* **Exercise**
The reply should consist solely of the lines from the one that holds "Asthma Treatment Service" through the last line of the material, reproduced exactly; no pictures belong in it.

* **Dataset entries**
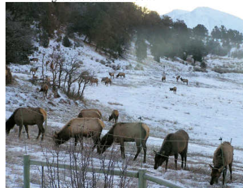
Elk herd right outside our window.
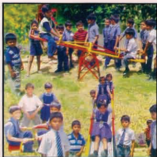
NURSERY GARDEN & PLAY- GROUND FOR PRIMARY
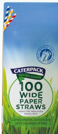
20390 Enviro Wide Paper Straws 250 x 8mm Striped: Pink, Yellow or Blue
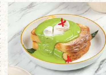
Pandan custard bread
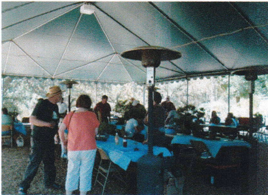
The Modesto Club meets in a tent at the Nursery with lots of tables for people to work on their trees
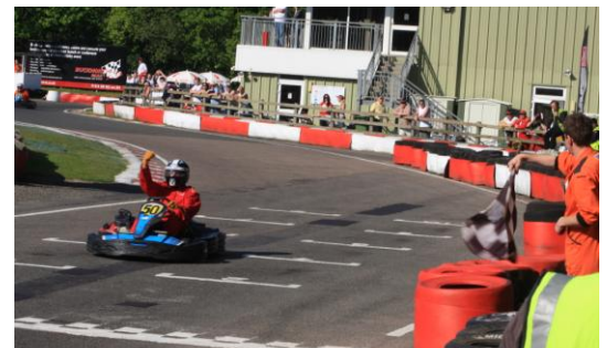
A jubilant and relieved 2010 winner Rifle Range Farm
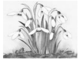
Snowdrops - the first sign of Spring

As we give thanks for the love and care displayed in our homes by our mothers, may we meet the challenge to bring hope and love to those outside our families who need care and concern.
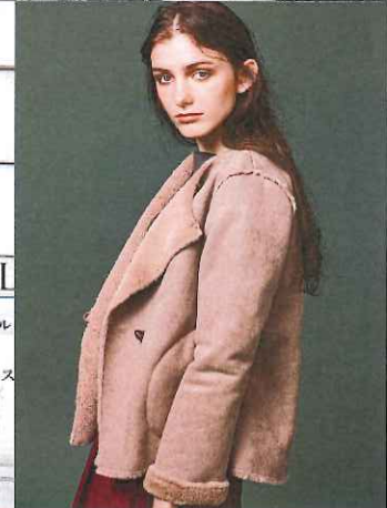
コート ¥35,000 / NAISSANCE(レイク・タホ tel:03-5708-5
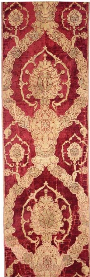
Fig. 4. Venetian velvet of the late 15 th century. The Metropolitan Museum of Art, New York. Rogers Fund, 1912 (12.49.8). Reproduced with the kind permission of the museum.
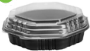
511348 DART CONT BLK HNGD MICRO 9.5X9X3" 1/100CA
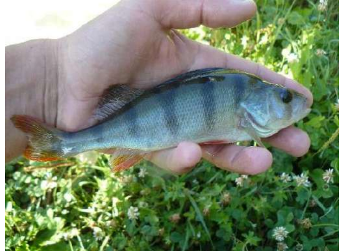
Fig. 2. Babka gymnotrachelus (K) caught on the lake Kyrylivs'ke Fig. 3. Perca fluviatilis (L) caught on the lake Kyrylivs'ke
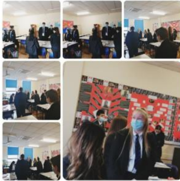
9 - Learners at St James Academy stand in silence.
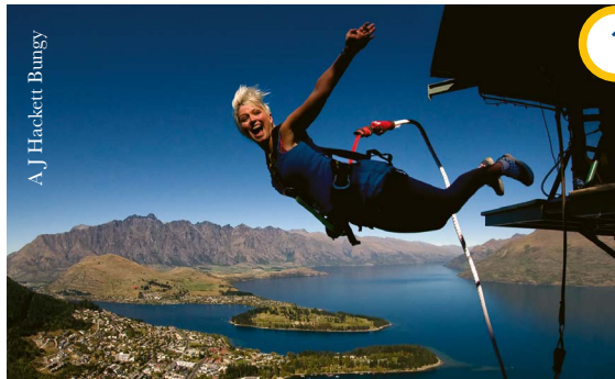
A J Hackett Bungee
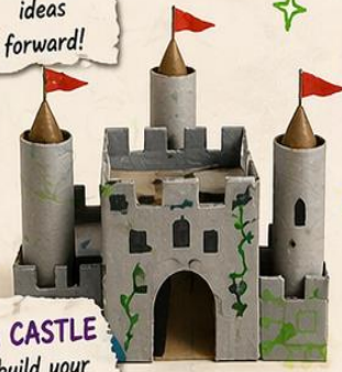
A CASTLE build your own world!
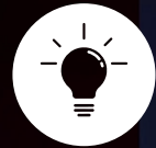
Energy Management Services
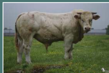
Grifondor Son in France
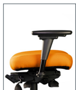
2 Arm Lateral Sliding
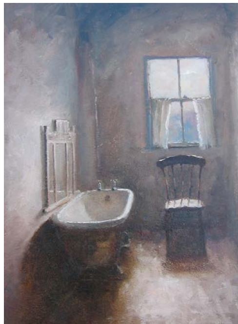
Ian Layton The Bathroom (13.5" x 9.5") Oils £695.00
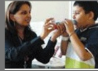
Asthma Treatment Service
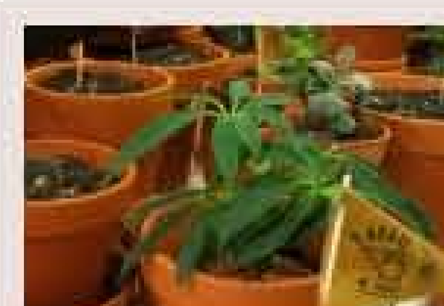
Re:new in Tokyo
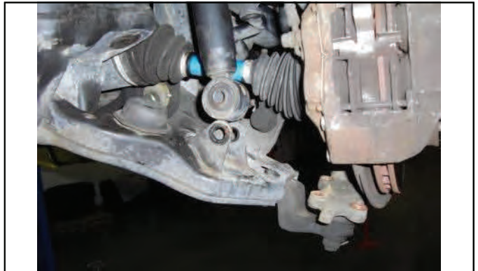
Lower control arm if necessary to install lower mount
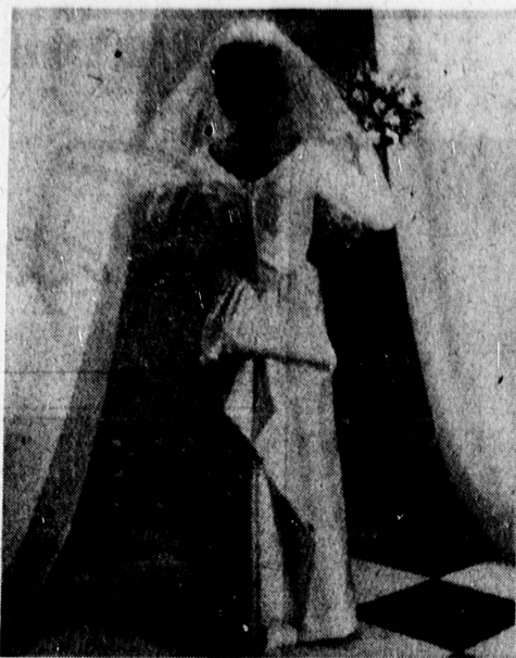
BRIDAL ELEGANCE... A feature of the Beautiful California Bridal show at the Broadway next Thursday afternoon will be this delustered satin sheath. It has floor length skirt, self fringed back panels and bodice appliqued with Alencon lace motifs.
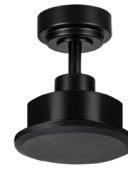
MOTOR Matt Black
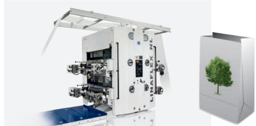
Inline printer LINAFLIX NL
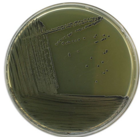
BAIRD-PARKER + RPF agar Black colonies without coagulase zones
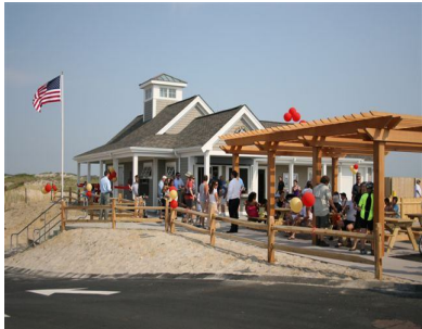
Bathhouse Opening Day

New and improved amenities include a heated outdoor shower, a picnic and play area, and a new walkway from the Bathhouse to the Marsh Trail. The parking lot has also been re-
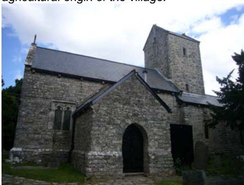
The Church is the focal point of the village.

* **Output for this task**
Asthma Treatment Service
Re:new in Tokyo
Lower control arm if necessary to install lower mount
BRIDAL ELEGANCE... A feature of the Beautiful California Bridal show at the Broadway next Thursday afternoon will be this delustered satin sheath. It has floor length skirt, self fringed back panels and bodice appliqued with Alencon lace motifs.
MOTOR Matt Black
Inline printer LINAFLIX NL
BAIRD-PARKER + RPF agar Black colonies without coagulase zones
Bathhouse Opening Day

New and improved amenities include a heated outdoor shower, a picnic and play area, and a new walkway from the Bathhouse to the Marsh Trail. The parking lot has also been re-
The Church is the focal point of the village.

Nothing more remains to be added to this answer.